Alors pourquoi une partie de la gauche soit disant antiraciste cherche à dénaturer le sens d’islamophobie en tentant de la réduire à une simple critique de la religion islamique ? Car comme le souligne à juste titre Sonya Faure [3] :

Le mot « antisémitisme », qui entretenait la confusion entre la « race juive » et le judaïsme, était lui aussi ambigu, ce qui n’a pas empêché qu’il s’impose […]. « La notion d’islamophobie est imparfaite et instrumentalisable, mais nécessaire. Mettre un mot sur une réalité sociale permet de faire reconnaître son existence ».

Les circonvolutions rhétoriques de la FI ont été bien déconstruites par le militant actupien historique Jérôme Martin [4], et sont pleinement disqualifiées (je vous laisse le soin de le lire). Mais allons plus loin.

Double instrumentalisation intégriste : les idiot·e·s utiles sont du pain béni des un·e·s pour les autres…

La critique de la religion a un nom : l’anticléricalisme. Son étymologie, contrairement au terme islamophobie, a évolué au fil du temps, pour désigner un « ensemble d’idées, d’attitudes ou de tendances par lesquelles se marque l’hostilité au clergé ou tout au moins à son intervention dans le domaine temporel » (Larousse). Pour faire simple, l’anticléricalisme moderne c’est la critique de la religion, comme dogme et comme système de domination. L’anticléricalisme s’applique parfaitement bien à toutes les religions en général, et à l’islam politique en particulier ; et les laïcistes en font un usage particulièrement extensif quand il s’agit des intégristes islamistes.

Ces derniers n’étant pas stupides, ils ont très vite compris le potentiel instrumental du terme islamophobie pour faire taire toute critique politique de leur idéologie totalitaire. Stigmatiser l’anticléricalisme comme de l’islamophobie est particulièrement habile pour tenter de faire taire toute critique de l’islamisme. Il faut dire qu’en face, ils ont eu un adversaire idéal : les laïcistes ou intégristes de la laïcité. En effet, au lieu d’affirmer leurs critiques légitimes de l’usage de la religion à des fins politiques, ces dernier·e·s instrumentalisent la laïcité pour élargir la sécularisation du champ politique et institutionnel, aux individus et à l’espace public. C’est là leur véritable objectif : l’antithéisme. L’anticléricalisme et la dénonciation du « délit de blasphème » ne sont que des prétextes. Pour ce faire, ils/elles font courir depuis des années le mensonge selon lequel le terme islamophobie serait une invention islamiste, plus précisément des mollahs iraniens [2].

Ainsi après le 11 septembre 2001 et l’explosion de l’islamophobie occidentale, les laïcistes se sont imaginé·e·s que l’on pouvait combattre une instrumentalisation politico-religieuse par une instrumentalisation politico-laïque : celle du foulard islamique… qui n’a depuis de cesse de s’élargir (burkini, hidjab sportif, barbe, jupe longue, mamans voilées, etc. [5]).

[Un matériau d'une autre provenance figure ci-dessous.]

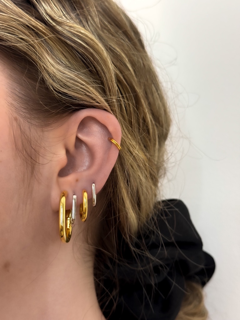Az ovális forma elegánsan nyújtja a megjelenést, és tökéletesen illik letisztult vagy akár merészebb stílusokhoz is. A fülbevaló két méretben érhető el, így könnyen igazítható egyéni ízléshez vagy alkalomhoz.

Ils/elles se sont engouffré·e·s dans l’instrumentalisation de l’instrumentalisation du voile par les intégristes islamistes. De ce fait, la frontière entre critique de l’islam et stigmatisation/discriminations des personnes musulmanes est devenue de plus en plus floue. Les amalgames de plus en plus communs. Et la réduction au seul prosélytisme, du polysémique, multidimensionnel et intertextuel foulard islamique, s’est imposée dans une grande partie du débat public. Les sociétés occidentales sont définitivement devenues islamophobes : contre l’islam ET contre les personnes [de culture] musulmanes (ou perçues comme telles) [6].

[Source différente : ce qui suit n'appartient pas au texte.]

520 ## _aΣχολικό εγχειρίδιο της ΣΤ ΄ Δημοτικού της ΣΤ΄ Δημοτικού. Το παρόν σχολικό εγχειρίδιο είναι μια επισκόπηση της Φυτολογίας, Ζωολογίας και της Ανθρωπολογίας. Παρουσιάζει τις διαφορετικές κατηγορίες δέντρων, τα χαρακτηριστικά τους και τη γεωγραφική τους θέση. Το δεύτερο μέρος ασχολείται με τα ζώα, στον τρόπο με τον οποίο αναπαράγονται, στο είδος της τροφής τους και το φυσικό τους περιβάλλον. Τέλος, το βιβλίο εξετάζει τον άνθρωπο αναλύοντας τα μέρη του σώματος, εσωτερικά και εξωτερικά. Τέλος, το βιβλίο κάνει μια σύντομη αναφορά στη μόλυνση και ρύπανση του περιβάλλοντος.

Malheureusement, une partie de la France insoumise ne l’a toujours pas compris. Elle est totalement passée à côté de la reformulation du racisme contre l’« Arabe » via « l’islamisation des regards » sociétaux sur les personnes racialisées [7]. Elle est absolument passée à côté de l’islamophobie. Quel gâchis.

Contre la normalisation de l’islamophobie gauchiste : décoloniser la France insoumise…

Il y a la FI comme dans bon nombre de mouvements de gauche critique deux approches de la laïcité. (1) La « nouvelle laïcité », séparatiste, autoritaire, de fois civique et anticléricale, portée par les députés Mélenchon, Quatennens ou Corbières. (2) La laïcité inclusive, de reconnaissance, que je qualifierai d’interculturelle, portée par les députées Obono et Autain.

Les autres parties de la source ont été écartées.